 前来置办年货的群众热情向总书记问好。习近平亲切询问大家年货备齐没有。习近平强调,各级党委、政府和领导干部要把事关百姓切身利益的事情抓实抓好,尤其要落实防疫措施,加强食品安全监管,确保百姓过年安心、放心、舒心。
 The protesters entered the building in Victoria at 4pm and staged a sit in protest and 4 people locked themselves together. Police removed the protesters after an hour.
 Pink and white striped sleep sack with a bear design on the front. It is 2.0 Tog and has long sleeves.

---

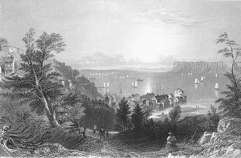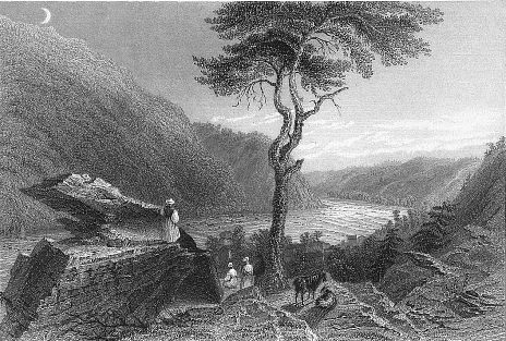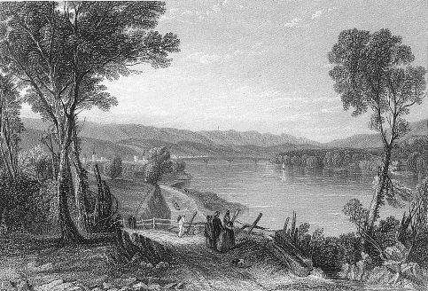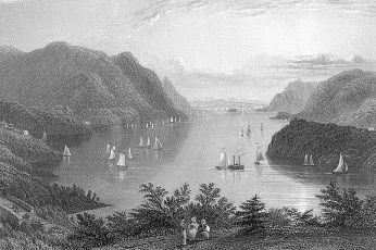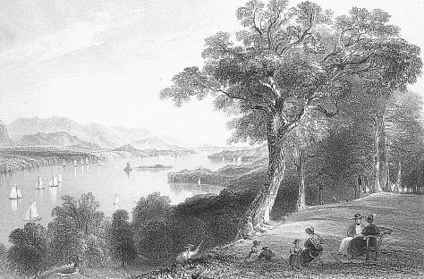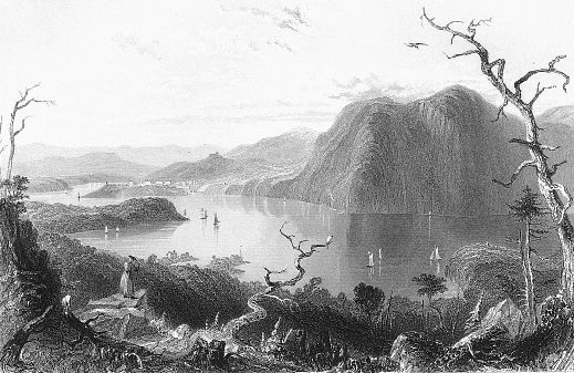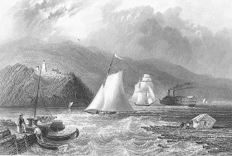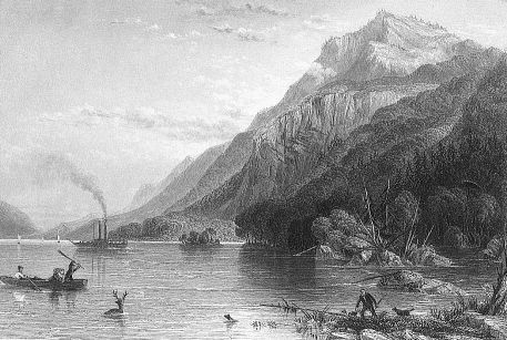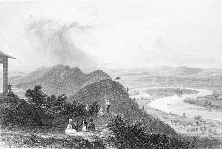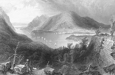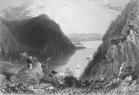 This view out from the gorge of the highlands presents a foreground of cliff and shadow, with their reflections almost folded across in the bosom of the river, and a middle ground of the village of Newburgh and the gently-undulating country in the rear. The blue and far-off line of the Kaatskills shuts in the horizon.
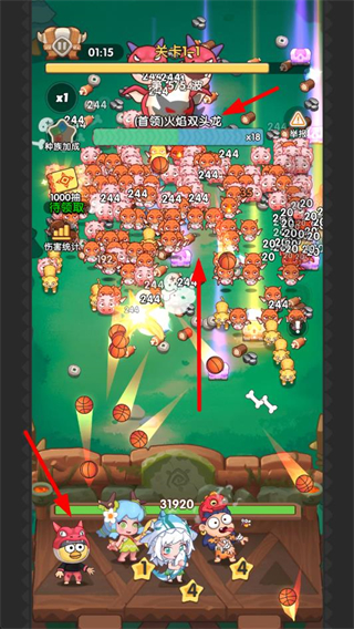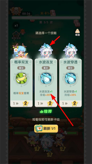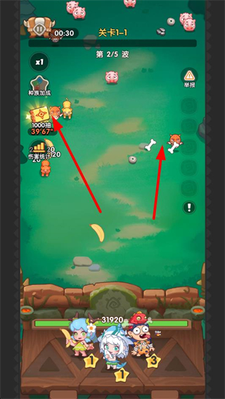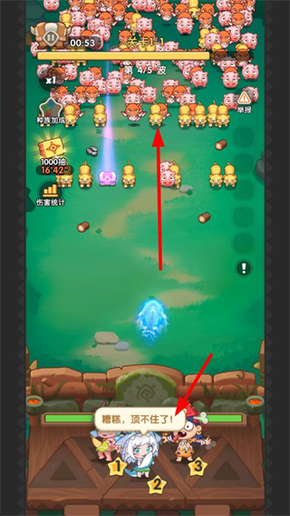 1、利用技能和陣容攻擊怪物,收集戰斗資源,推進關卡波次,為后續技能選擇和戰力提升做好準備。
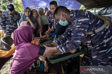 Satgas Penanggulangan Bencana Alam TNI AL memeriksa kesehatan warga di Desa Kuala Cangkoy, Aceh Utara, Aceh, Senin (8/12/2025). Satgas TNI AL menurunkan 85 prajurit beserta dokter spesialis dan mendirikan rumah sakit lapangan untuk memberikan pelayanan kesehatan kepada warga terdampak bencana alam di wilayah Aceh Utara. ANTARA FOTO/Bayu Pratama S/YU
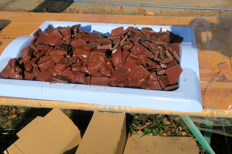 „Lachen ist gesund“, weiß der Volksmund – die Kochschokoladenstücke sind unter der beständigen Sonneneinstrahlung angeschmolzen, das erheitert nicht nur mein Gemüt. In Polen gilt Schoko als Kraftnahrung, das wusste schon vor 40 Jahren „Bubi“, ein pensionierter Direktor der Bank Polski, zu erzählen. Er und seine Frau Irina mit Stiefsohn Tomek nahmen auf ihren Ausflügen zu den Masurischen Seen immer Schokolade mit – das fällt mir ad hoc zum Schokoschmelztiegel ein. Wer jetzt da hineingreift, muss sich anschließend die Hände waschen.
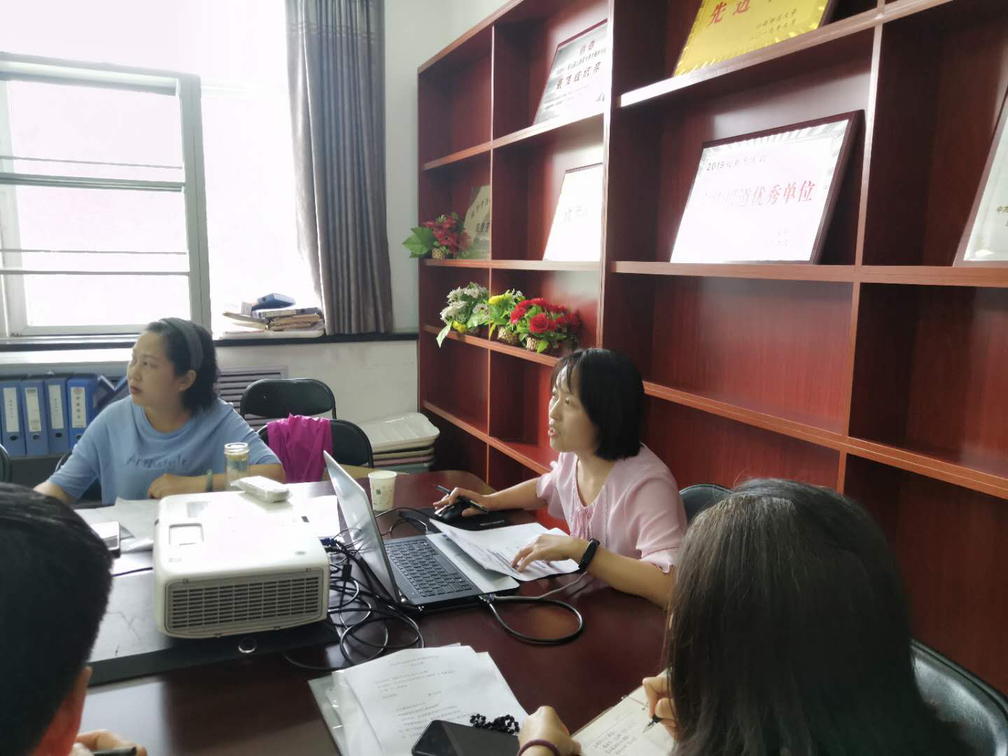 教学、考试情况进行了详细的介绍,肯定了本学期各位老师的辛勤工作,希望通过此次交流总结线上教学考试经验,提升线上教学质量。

● Action item: In the data above, find the line with "前来置办年货的群众热情向总书" and the line with "Pink and white". Retype both, plus every line between them, exactly.

● Answer area:
 前来置办年货的群众热情向总书记问好。习近平亲切询问大家年货备齐没有。习近平强调,各级党委、政府和领导干部要把事关百姓切身利益的事情抓实抓好,尤其要落实防疫措施,加强食品安全监管,确保百姓过年安心、放心、舒心。
 The protesters entered the building in Victoria at 4pm and staged a sit in protest and 4 people locked themselves together. Police removed the protesters after an hour.
 Pink and white striped sleep sack with a bear design on the front. It is 2.0 Tog and has long sleeves.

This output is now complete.